_Supplied material:_
· · · · · · ·
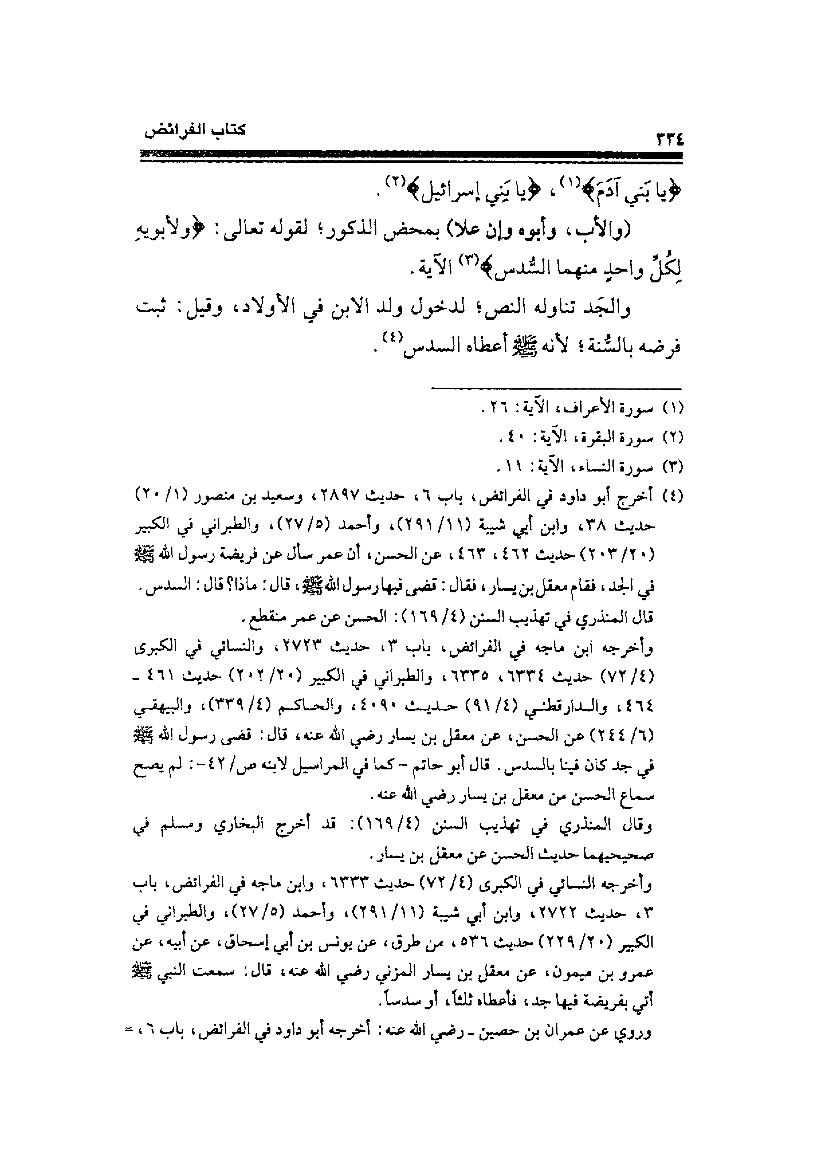 (¬٤) أخرج أبو داود في الفرائض، باب ٦، حديث ٢٨٩٧، وسعيد بن منصور (١/ ٢٠) حديث ٣٨، وابن أبي شيبة (١١/ ٢٩١)، وأحمد (٥/ ٢٧)، والطبراني في الكبير (٢٠/ ٣٠٣) حديث ٤٦٢، ٤٦٣، عن الحسن، أن عمر سأل عن فريضة رسول الله - صلى الله عليه وسلم - في الجد، فقام معقل بن يسار، فقال: قضى فيها رسول الله - صلى الله عليه وسلم -، قال: ماذا؟ قال: السدس.
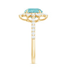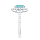 Round Sky Blue Topaz Statement Engagement Ring with Moissanite Floral Halo
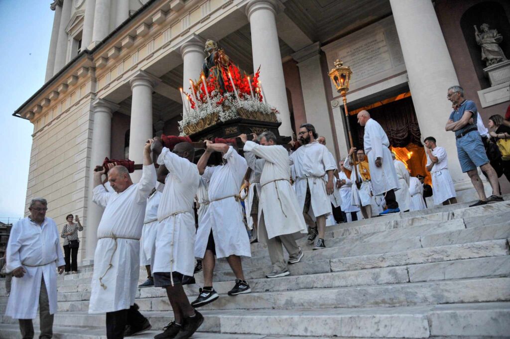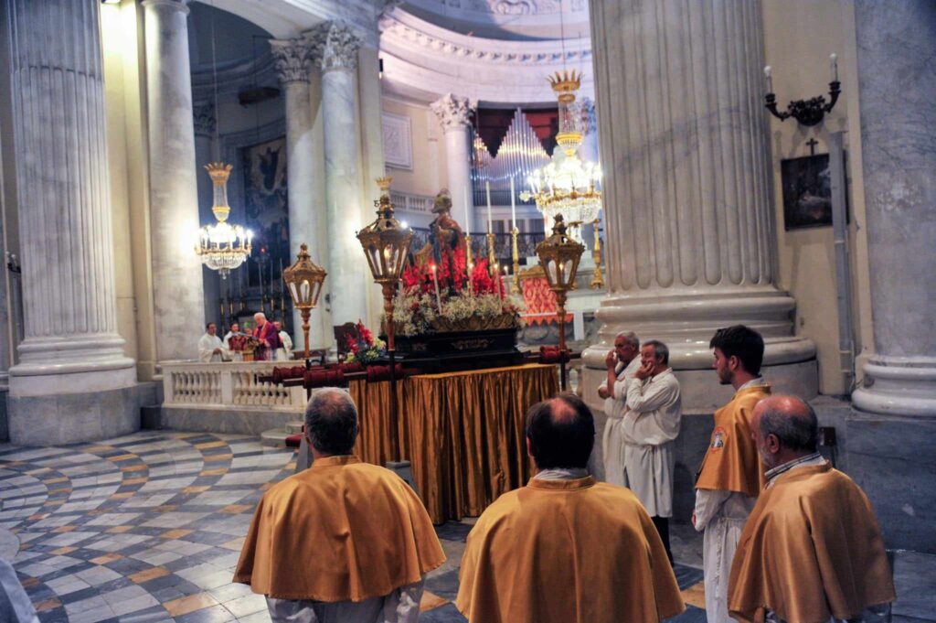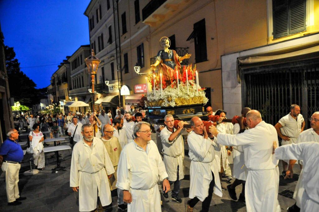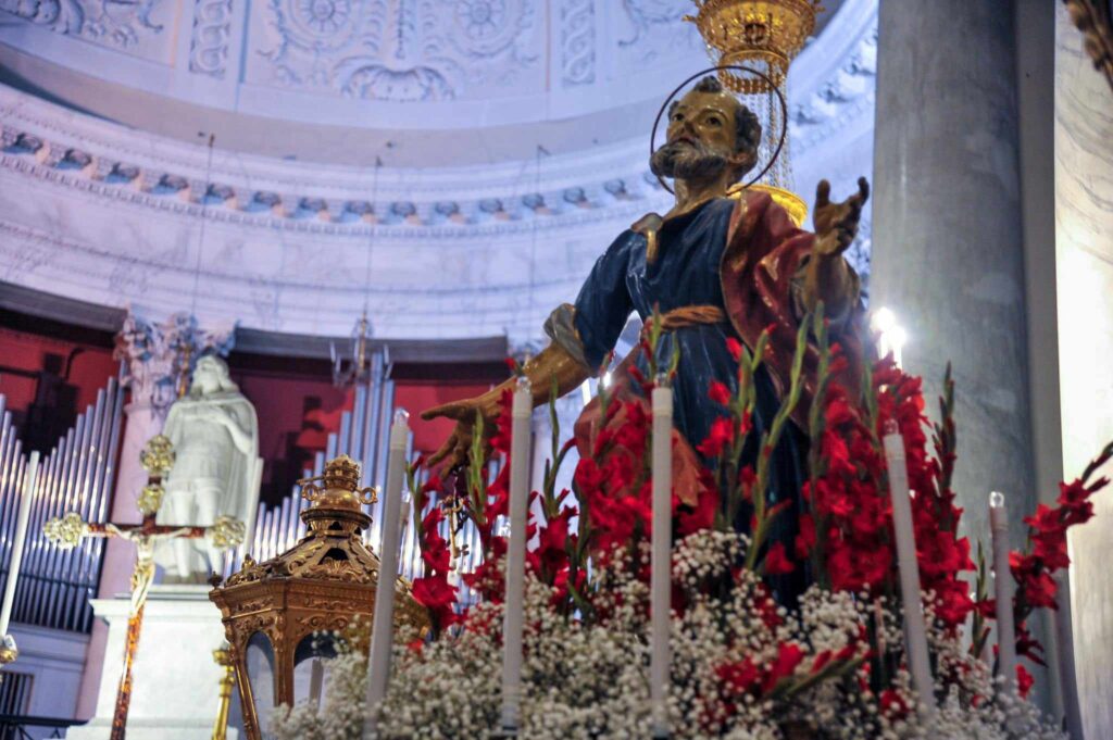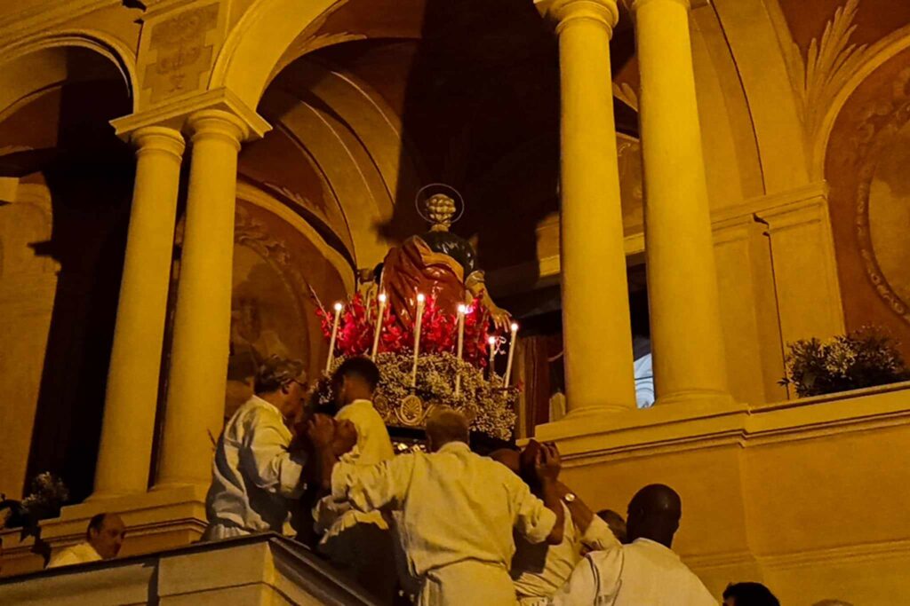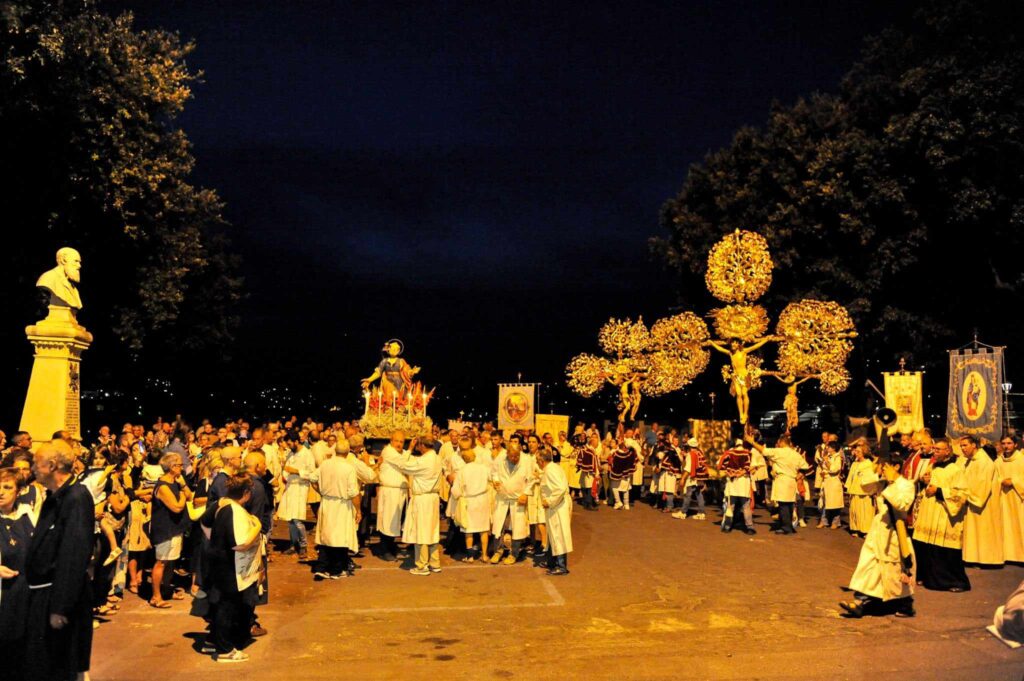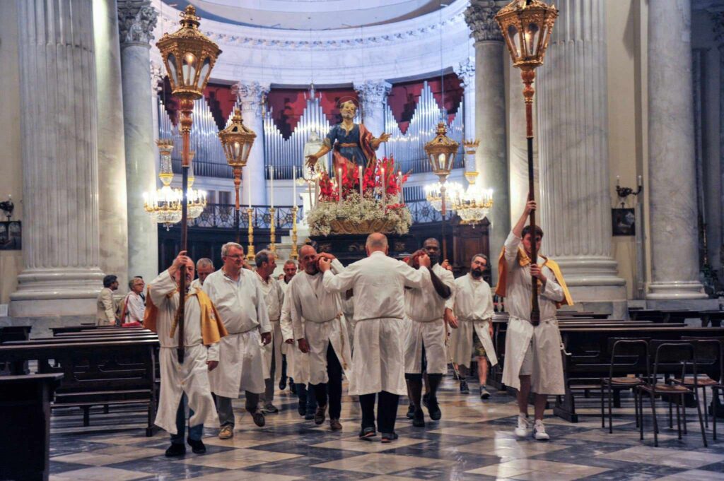 In chiusura si è assistito alla spettacolare corsa (“volata della cassa”) con la statua di San Pietro lungo la scalinata che porta all’Oratorio. Prima dell’ingresso, l’inchino della statua davanti al mare.
· · · · · · ·
_Assignment:_
Write out the full listing verbatim, excluding its pictures.

_Solution for this exercise:_
 (¬٤) أخرج أبو داود في الفرائض، باب ٦، حديث ٢٨٩٧، وسعيد بن منصور (١/ ٢٠) حديث ٣٨، وابن أبي شيبة (١١/ ٢٩١)، وأحمد (٥/ ٢٧)، والطبراني في الكبير (٢٠/ ٣٠٣) حديث ٤٦٢، ٤٦٣، عن الحسن، أن عمر سأل عن فريضة رسول الله - صلى الله عليه وسلم - في الجد، فقام معقل بن يسار، فقال: قضى فيها رسول الله - صلى الله عليه وسلم -، قال: ماذا؟ قال: السدس.
 Round Sky Blue Topaz Statement Engagement Ring with Moissanite Floral Halo
 In chiusura si è assistito alla spettacolare corsa (“volata della cassa”) con la statua di San Pietro lungo la scalinata che porta all’Oratorio. Prima dell’ingresso, l’inchino della statua davanti al mare.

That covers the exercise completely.